10-20% seems really low in my experience. Do you mainly hire out of the industry?

Hiring heavily from colleges results in 60%+ of applicants that somehow have a B.Sc. from a university that produces amazing applicants with great (3.5+) GPA's but stall at either fizzbuzz or (just in case they memorized fizzbuzz) i-can't-believe-it's-not-fizzbuzz.

Furthermore, some candidates (20ish percent?) can't even answer basic, non-trivia questions about their language they self-report to know best. e.g. Java programmers who either don't know or cannot articulate what the static keyword does.

I'm convinced there's a path through every university, no matter how good, where you can avoid all the good professors and only pick babysitter professors and squeak through your four years with a piece of paper and a well-tuned sensor for which profs actually grade homework instead of just giving 100's so people don't complain.


My experience is only as a programmer, maybe HR has kept most of the bad ones out, but I doubt it based on my experiences with HR. So 10-20% is my experience of how many programmers I encounter are bad in a big organization, and bad is a relative thing of course.

But often when I am brought into a big organization there is one out of every 5 programmers that just should be something else. They're not necessarily stupid, just shouldn't program.

on edit: in my experience small organizations don't have quite as bad because for the organization to be able to exist their programmers must be able to program. (for any organization heavily focused on tech of course)


I would say that while only 10-20% of programmers might be literally not worth paying any amount for, it might be as much as half of the field that isn’t worth the current, major US market compensation.


once you're willing to admit that they are worth paying something for you're just arguing price, which is whatever the market says it is.

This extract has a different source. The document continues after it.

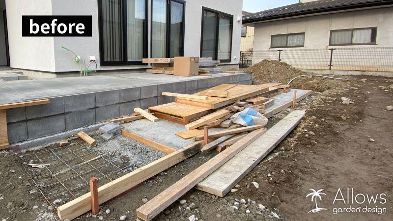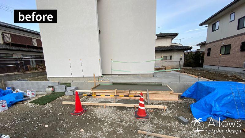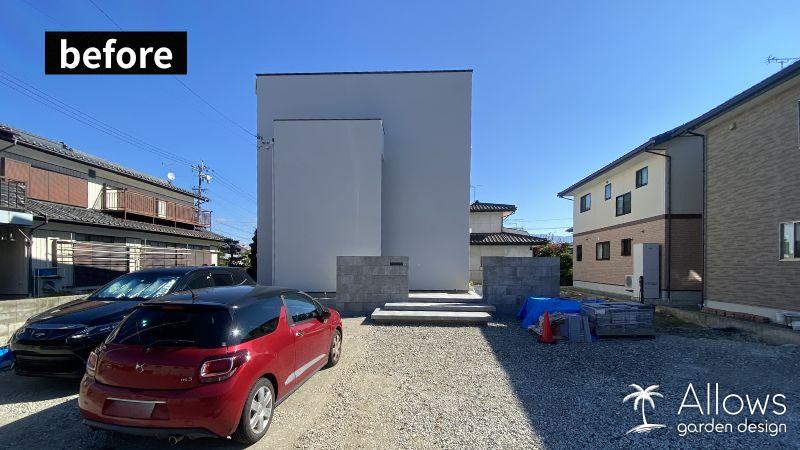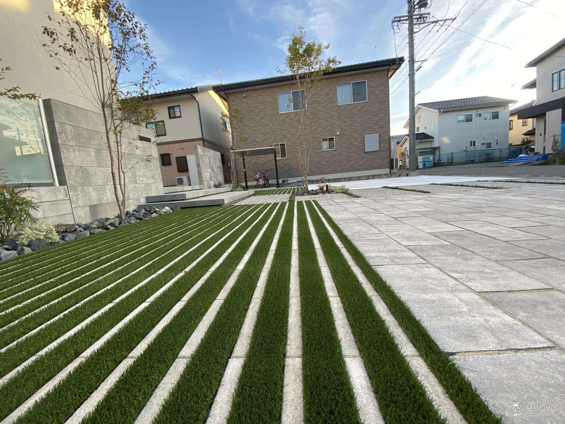 あえて全面を固めず、緑化インターを取り入れることで、照り返しを抑えつつ視覚的なアクセントを加えました。

either that or 25 dollars, same as in town.


> I never found reviewing take home interviews to be a great indicator of skill level. It’s hard to know how long was really spent on it, and how much the candidate used resources etc to guide them. Are they a great candidate that cut corners, or a less experienced candidate that used stackoverflow + 10 extra hours to get to a final result.

If you just evaluate them based on their code you doing it wrong. You should organize an in-person code review. Where you ask: Why they do what? How would they improve their code? If something is not right, point out. Look at them how they react. Good candidates usually try to fix it. Bad team players usually defend their implementation until the end. It really easy to find out if they just copy-pasted some code without understanding it.